After cleaning and imputation, there were 8365 individuals with genome-wide data. We excluded data from 4734 individuals, who had missing measures of either height or lung function at age 15 years, which resulted in a final analysis sample of 3631. The characteristics of the individuals are described in Table II. Table III shows that the individuals' actual height at age 15 years was strongly associated with 9 of the 17 covariates (p < 0.05). Taller individuals were more likely to be from a higher-income household, have more educated parents and grandparents, have been breast-fed, and have an older mother. In contrast, there was little evidence of associations between the allele scores and the covariates (Table IV). Assuming no associations between the nongenetic covariates (153 possible pairwise correlations), we would expect to detect eight associations at the 5% significance level, two at the 1% significance level, and less than one at the 0.01% significance level. We detected 82 (54%), 70 (46%), and 54 (35%) associations at the 5%, 1%, and 0.01% significance level, respectively. For the 3240 genetic pairwise associations with the nongenetic covariates, we would expect to detect 162, 32, and less than one association at the 5%, 1%, and 0.01% significance level, respectively. We detected 166, 35, and no associations, respectively. This is consistent with the previous studies [8,55].

Table II

Baseline characteristics of included ALSPAC participants.

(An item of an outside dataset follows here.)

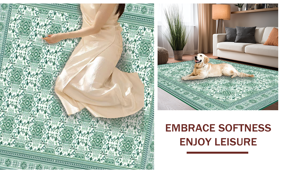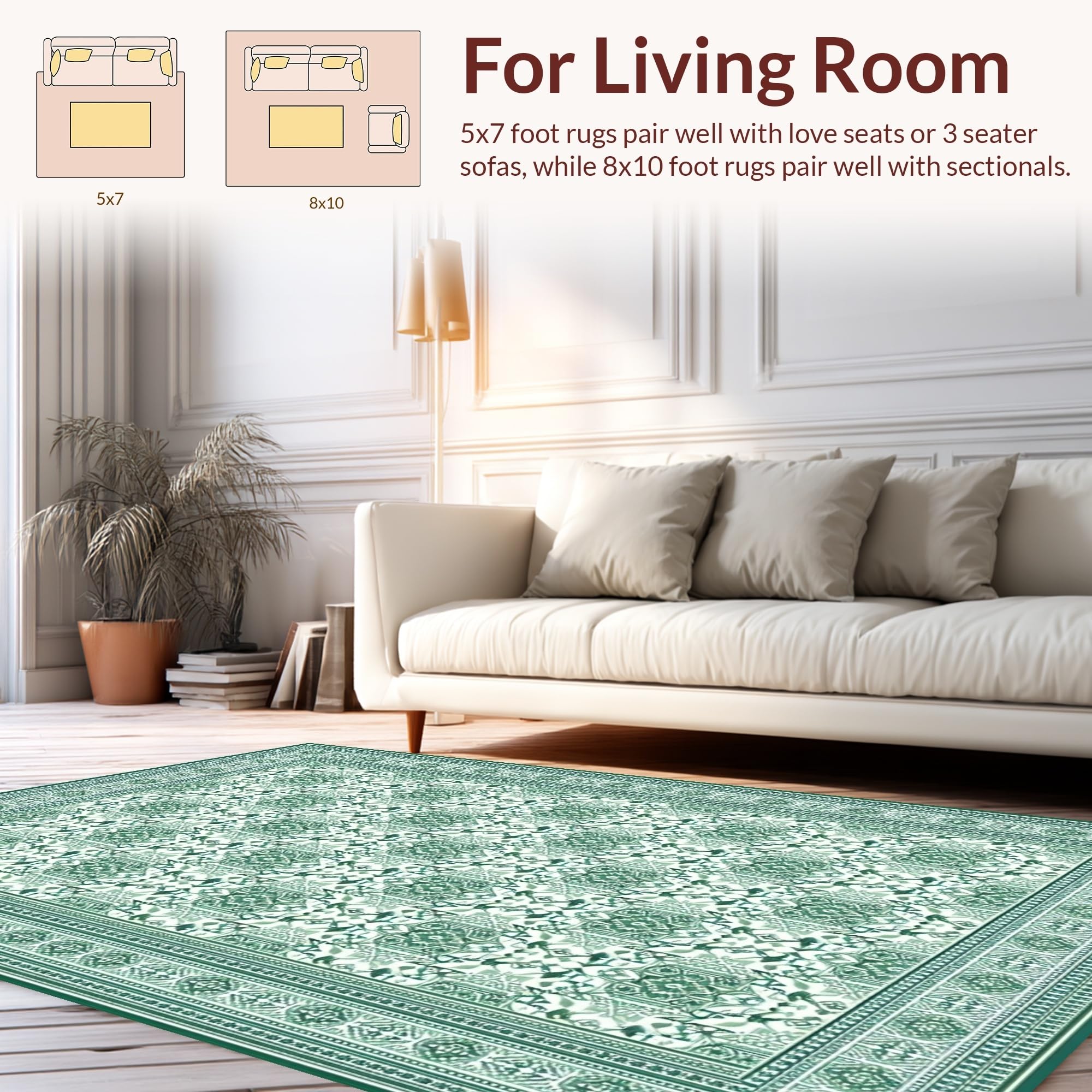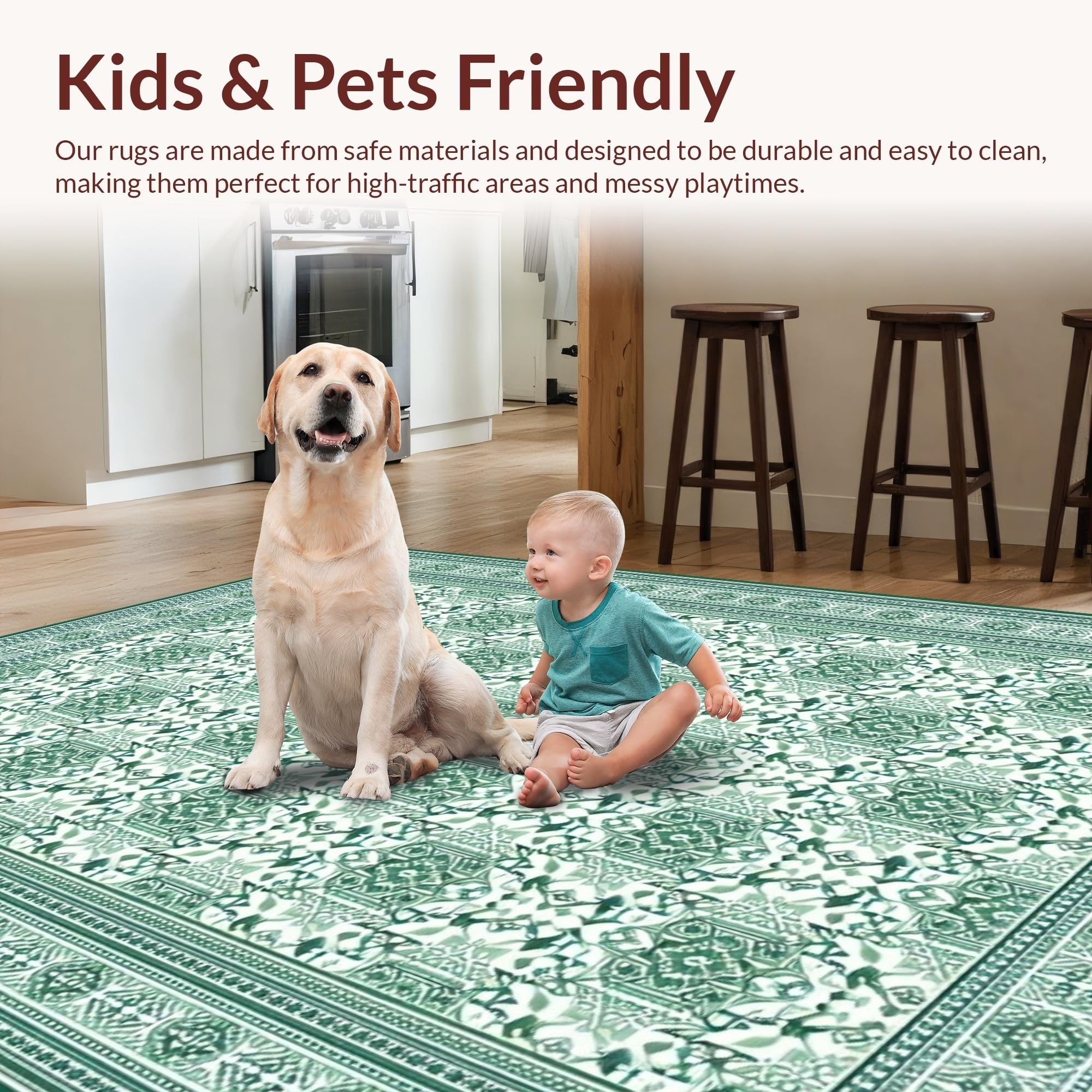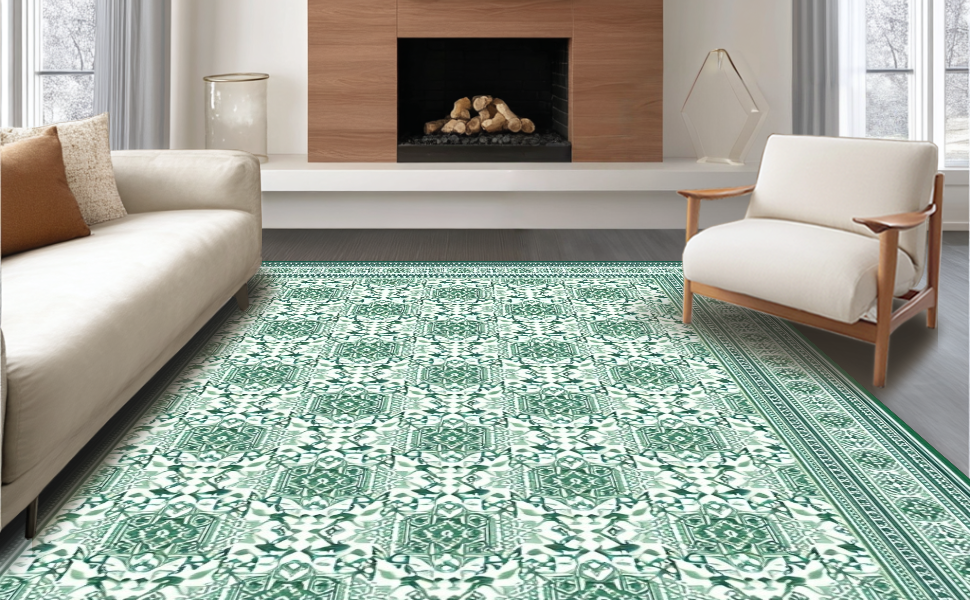 Ultra Soft Area Rug, Non Slip, Stain Resistant, Washable Area Rugs for Living Room, Bedroom, Vibrant Tiled Medallion Pattern(Green) Overview:

	Mean	Standard deviation	N
Height at age 15 years (in cm)	169.35	8.42	3631
Male	0.48	0.50	3631
Age in months at Teen Focus 3 Clinic	185.31	3.58	3631
Birth weight (g)	3444	525	3435
No. of older siblings in household	1.02	0.99	3319
No. of younger siblings in household	0.92	0.95	3319
Ln(income)	5.74	0.46	3141
Mother's education	3.39	1.18	3391
Father's education	3.39	1.37	3320
Mothers' mother's education	2.35	1.33	2627
Mothers' father's education	2.57	1.46	2471
Child not ever raised by natural father	0.11	0.32	3314
Father's social class at birth	2.78	1.27	3146
Mother works part time	0.43	0.50	3113
Mother works full time	0.09	0.28	3113
Partner works full time	0.93	0.25	1608
Mother drank during pregnancy	0.57	0.50	3419
Mother smoked during pregnancy	0.15	0.36	3418
Ever breast-fed	0.86	0.34	3226
Mother's age	29.82	4.51	3495
Participant had tried tobacco at age 8 years	0.02	0.15	3133

Table III

Association of height at age 15 years with baseline characteristics.

	Actual height
	N	Coef	p-value
Age in months at Teen Focus 3 Clinic	3631	0.14	0.02
Male	3631	0.29	<0.001
Older siblings in household	3321	0.00	0.98
Younger siblings in household	3321	0.02	0.30
Ln(income)	3141	0.02	0.03
Mother's education	3391	0.06	0.002
Father's education	3320	0.08	0.001
Mothers' mother's education	2627	0.06	0.02
Mothers' father's education	2471	0.06	0.05
Child not ever raised by natural father	3314	0.00	0.62
Father's social class at birth	3146	−0.04	0.07
Mother works part time	3113	0.00	0.72
Mother works full time	3113	0.01	0.07
Partner works full time	1608	0.00	0.57
Mother drank during pregnancy	3419	0.00	0.85
Mother smoked during pregnancy	3418	−0.01	0.08
Ever breast-fed	3226	0.02	<0.001
Mother's age	3495	0.27	<0.001
Participant had tried tobacco at age 8 years	3133	0.01	0.03

Coef, coefficient from a robust ordinary least squares regression of covariate on normalized height.

Table IV

Association of variants and allele scores with covariates.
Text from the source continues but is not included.